На стене за стойкой висит написанное по-английски предупреждение об угрозе «Проблемы 2000»[11]. Мысль о том, что нас ждет через неполные три месяца, пугает меня. А девчонкам-хохотушкам, скорее всего, не больше тринадцати. Очевидно, она бросила работу в кафе. И навсегда растворилась в огромном шумном мире. То ли кто-то из веселой троицы что-то сказал, то ли мобильник выкинул штуку — девчонки вдруг покатились со смеху. Но смеются они явно не надо мной. Я облокотился на стойку и постарался принять вид зрелого, невозмутимого мужчины. В будущем — когда мне стукнет, скажем, сорок шесть — я наконец всерьез почувствую себя зрелым человеком; рано или поздно это непременно произойдет. Облачусь в длинное темное пальто и стану похож на директора оперы.
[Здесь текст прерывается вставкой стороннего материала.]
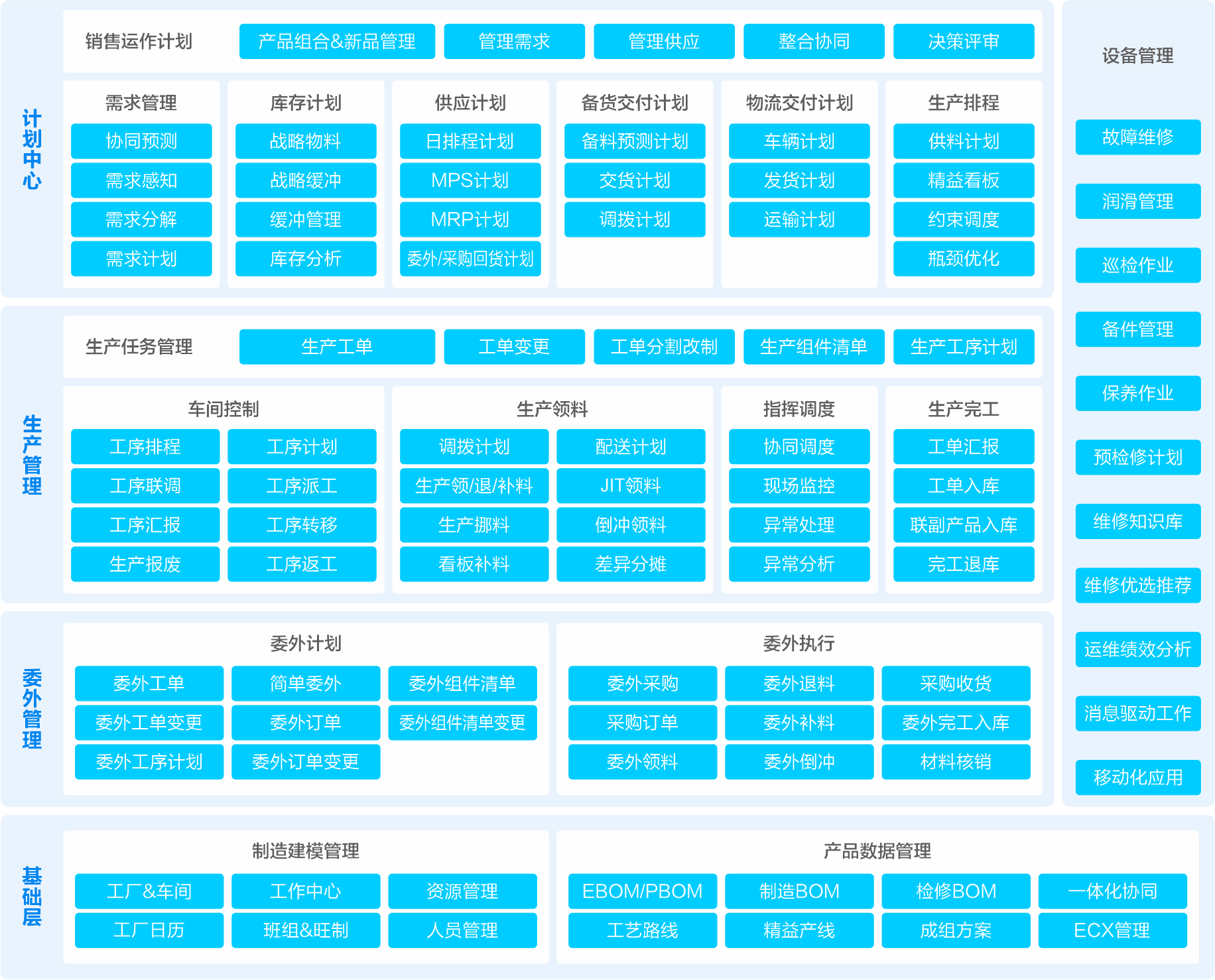 基于客户协同、供应商协同、研发管理、供应链管理、制造运营等平台,助力企业研产供销端到端的内外协同与管理提升;基于财务管理、项目管理、人力资源、运营决策等平台,助力企业运营管控效能提升,以提升需求响应与协同交付、数智运营、集团管控等核心竞争能力

Появился бармен, с ним девушка, но не та; даже не взглянув на меня, они принялись шарить за стойкой. Потом девушка покачала головой и скорчила гримаску. Подбородок и нос у нее острые, темные волосы на макушке выкрашены в ярко-зеленый цвет — так на мостовой помечают место, куда вонзится пневматический бур.

— Извини, — сказал бармен. — Книги нет.

— Не беспокойтесь. Я сам виноват. Спасибо, что вошли в мое положение.

— Пардон?

— О’кей, все в порядке, — я успокаивающе замахал руками. — Кофе, однако, я бы выпил.

— Вам кофе?

— С молоком, пожалуйста.

— О-кей. Садись, если хочешь.

Я остался у стойки. Эта позиция казалась мне более выгодной. Дыхание почти наладилось. Претенциозный интерьер меня уже не раздражал. Лет десять назад классное кафе в Таллинне было большой редкостью: кругом было полным-полно русских, все вокруг, в том числе и мозги, казалось серо-бурым. Раз нет уродства, то нет и красоты; без тональности не бывает и диссонанса.

Возможно, у нее выходной. Не зайти ли завтра? Или спросить про нее у бармена. Набраться храбрости и спросить напрямик, без экивоков. Может быть, книгу нашла и убрала куда-нибудь другая официантка? Знаете, светленькая такая, с рыжеватыми волосами? Она сегодня выходная, да? — мысленно репетировал я свои расспросы. И точно знал, что зальюсь краской от кончика носа до самых ушей. А юные хиппачки будут на меня таращиться во все глаза, как голодные кошки.

Очень вероятно, что Милли, наконец, забеременела. Моя жена! Супружница моя! Из древнего нормандского рода Дюкрейнов. Женщина, которой я клялся быть верным, пока смерть не разлучит нас. Не то чтобы я жаждал, чтобы нас венчали в церкви, тем более священник с тремя небритыми подбородками.

— Все о’кей? — встревоженно спросил бармен.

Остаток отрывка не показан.